In this loop, the order of execution does matter. The data used in iteration i is dependent upon the data that was produced in the previous iteration [i-1]. a would end up with very different data if the order of execution were any other than 1-2-3-4. The data dependence in this loop thus makes it ineligible for parallelization.

Not all data dependences must inhibit parallelization. The following paragraphs discuss some of the exceptions.

Nested Loops and Matrices

Some nested loops that operate on matrices may have a data dependence in the inner loop only, allowing the outer loop to be parallelized. Consider the following:

for (i=0; i<10; i++)
    for (j=1; j<100; j++)
 a[i][j] = a[i][j-1] + 1;

The data dependence in this nested loop occurs in the inner [j] loop: Each row access of a[j][i] depends upon the preceding row [j-1] having been assigned in the previous iteration. If the iterations of the j loop were to execute in any other order than the one in which they would execute on a single processor, the matrix would be assigned different values. The inner loop, therefore, must not be parallelized.

But no such data dependence appears in the outer loop: Each column access is independent of every other column access.
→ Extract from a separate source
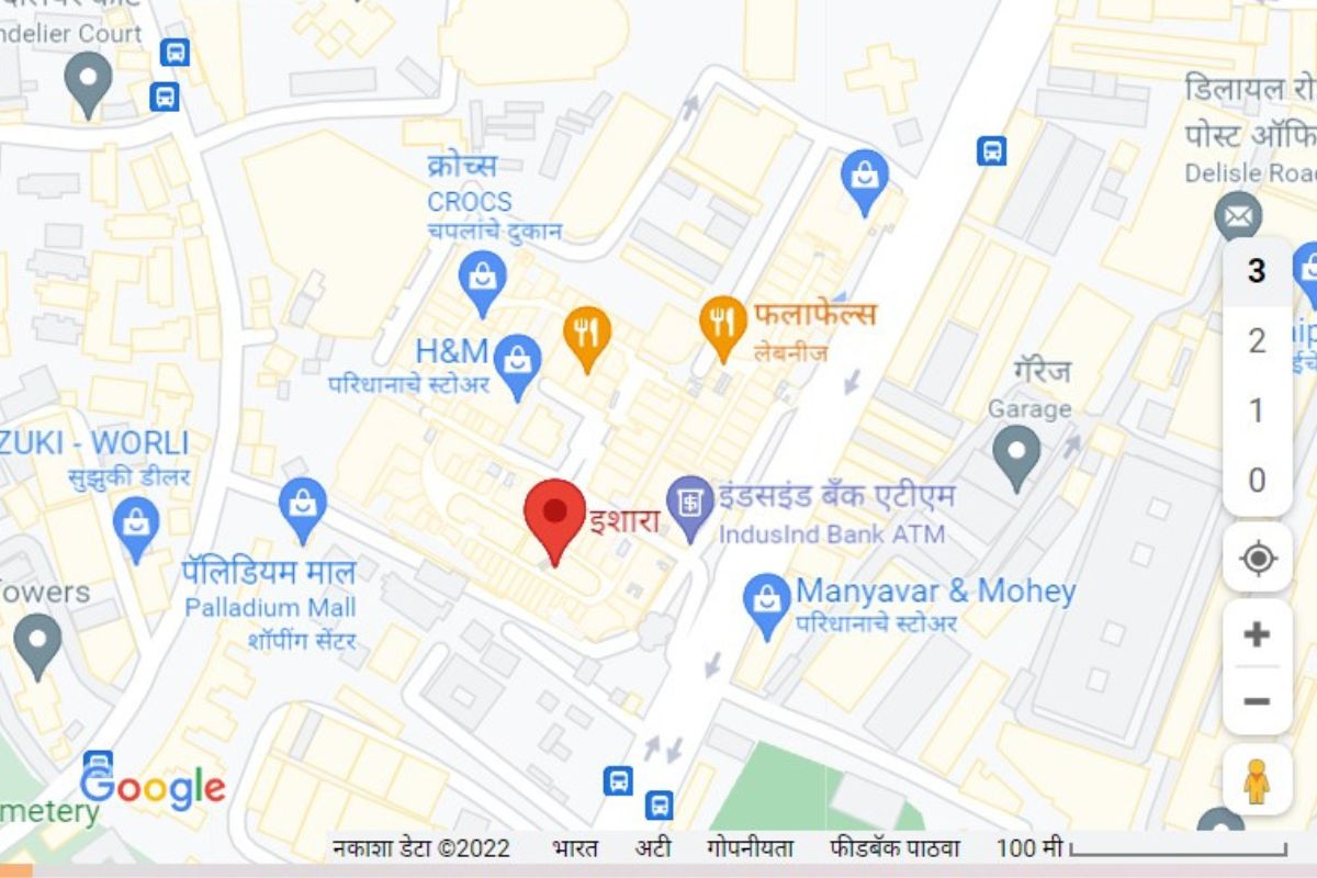 इशारा हॉटेलचा पत्ता तिसरा मजला 462, फिनोक्स प्लॅडियम मॉल, सेनापती बापट रोड, लोअर परळ मुंबई, 400013 फोन नंबर - 086575, 31988

Consequently, the compiler can safely distribute entire columns of the matrix to execute on different processors; the data assignments will be the same regardless of the order in which the columns are executed, so long as each executes in serial order.

Assumed Dependences

When analyzing a loop, the compiler will err on the safe side and assume that what looks like a data dependence really is one and so not parallelize the loop. Consider the following:

for (i=100; i<200; i++)
    a[i] = a[i-k];

The compiler will assume that a data dependence exists in this loop because it appears that data that has been defined in a previous iteration is being used in a later iteration. However, if the value of k is 100, the dependence is assumed rather than real because a[i-k] is defined outside the loop.